I admit though, my 15+year old Joji, has not gone for a blood test in 2 years. She is healthy, has no behavioral issues and going to the vet is very stressful for both of us. Maybe some people may see me as an irresponsible pet owner
post #3 of 7
about it being behavoral. I have had cats that begin the "senior yowl" about that time. I have one now. She is about 10 or 11. I also had a hyperthyroid cat that yowled and lost weight. But if your cat's blood work is normal, I would not worry too much. Don't know if I would go through another round of tests though. It just gets sooooo expensive. Good luck to you and I hope your kitty continues to do well despite the noise!
post #4 of 7
The yowling is a very common occurrence in older cats. If it's bothersome there's a drug called Senilife that has shown a decrease in that "senior yowl" and the weird geriatric kitty behavior.

What tests has your vet run? Just T4? In house or sent off? They can send off various other tests, such as a free T4 which will give you more accurate answers.
post #5 of 7
I advise you to do the blood work. Health can change very quickly in senior cats. When Ootay was 15 she had perfect blood work in June. In August she had a UTI and I broguht her in and vet wanted to do blood work. Just two months after the last blood work, the new blood work showed her in the early stages of kidney failure.

Early deteciton is key in survival and treatment.

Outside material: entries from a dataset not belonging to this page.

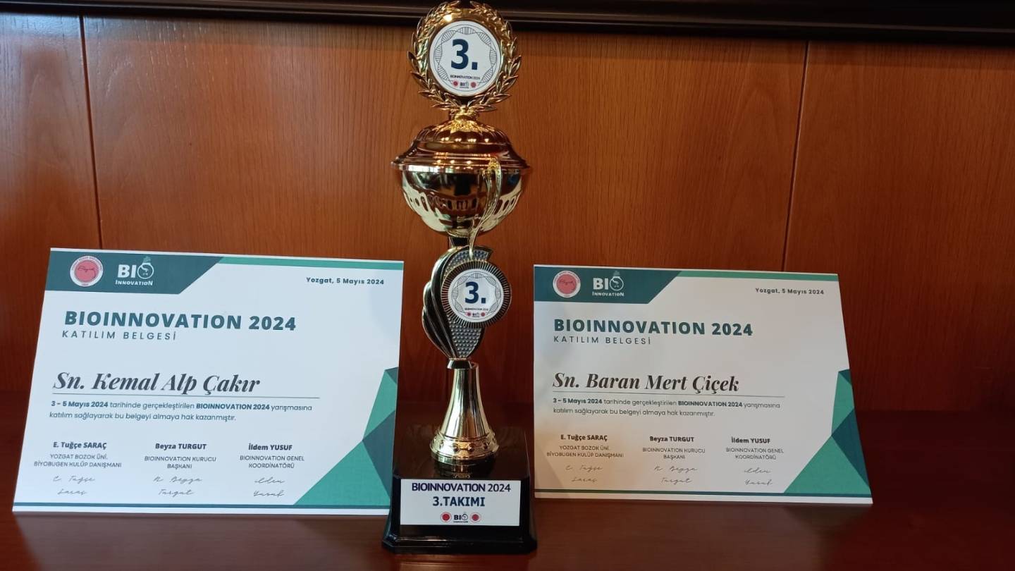Yozgat Bozok Üniversitesi sahipliğinde düzenlenen Bioinovation 2024 yarışmasında “Yaşlı Hastalar İçin Akıllı İlaç Takip Sistemi ve Akıllı İlaç Bardağı” projesi ile 3.lük alan Gizimus takımını kutluyoruz.
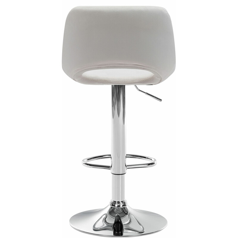 Komfortable, justerbare barstole med fløjlsbetræk, 360° drejning, integreret fodstøtte og gulvbeskyttere. Polstrede sæde og ryg, bærer op til 110 kg, let at rengøre i køkkenet eller hjemmebaren.
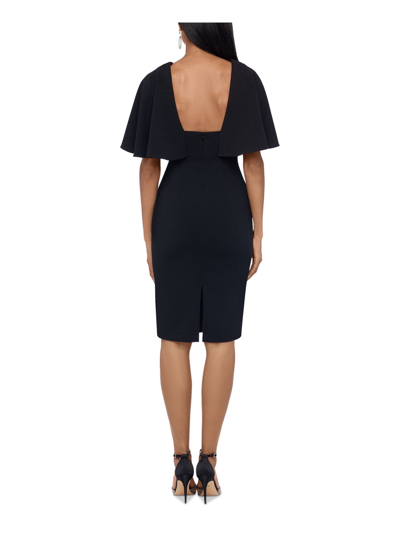 BETSY & ADAM Womens Sheath Knee Length Dress Black Flutter V Neck Party 6

As for the yowling, it may just be a personality change, cats do change up now and then. I wouldn't call it behavioral, she's just doing something different because she's a cat and that's what cats do.

But it could also be she is losing her hearing and/or sight. and /or senility. Any of those would cause yowling. She might be losing her place....forgets where she is..can't hear you...so she yowls until you are found.

Please keep us posted on Gizmo, but I would go for the blood work.
post #6 of 7
Yowling is often caused by high blood pressure. Sometimes the high blood pressure is linked to hyperthyroidism or kidney failure, but it can be a condition all by itself. You might ask the vet about checking blood pressure during the next visit. My senior boy gets blood work done about every six months. It was fine last time, but his latest results are not. The six month interval is a decent balance between not spending tons of money on unnecessary tests and catching problems early enough that they can be treated successfully.
post #7 of 7
Quote:
Originally Posted by cloud_shade View Post
Yowling is often caused by high blood pressure. Sometimes the high blood pressure is linked to hyperthyroidism or kidney failure, but it can be a condition all by itself. You might ask the vet about checking blood pressure during the next visit. My senior boy gets blood work done about every six months. It was fine last time, but his latest results are not. The six month interval is a decent balance between not spending tons of money on unnecessary tests and catching problems early enough that they can be treated successfully.
That's a very good point, thank you for posting it!

When you bring Gizmo in for the check up and blood work, ask for a blood pressure reading, too. There are just so many things it could be besides behavioral. Please keep us updated!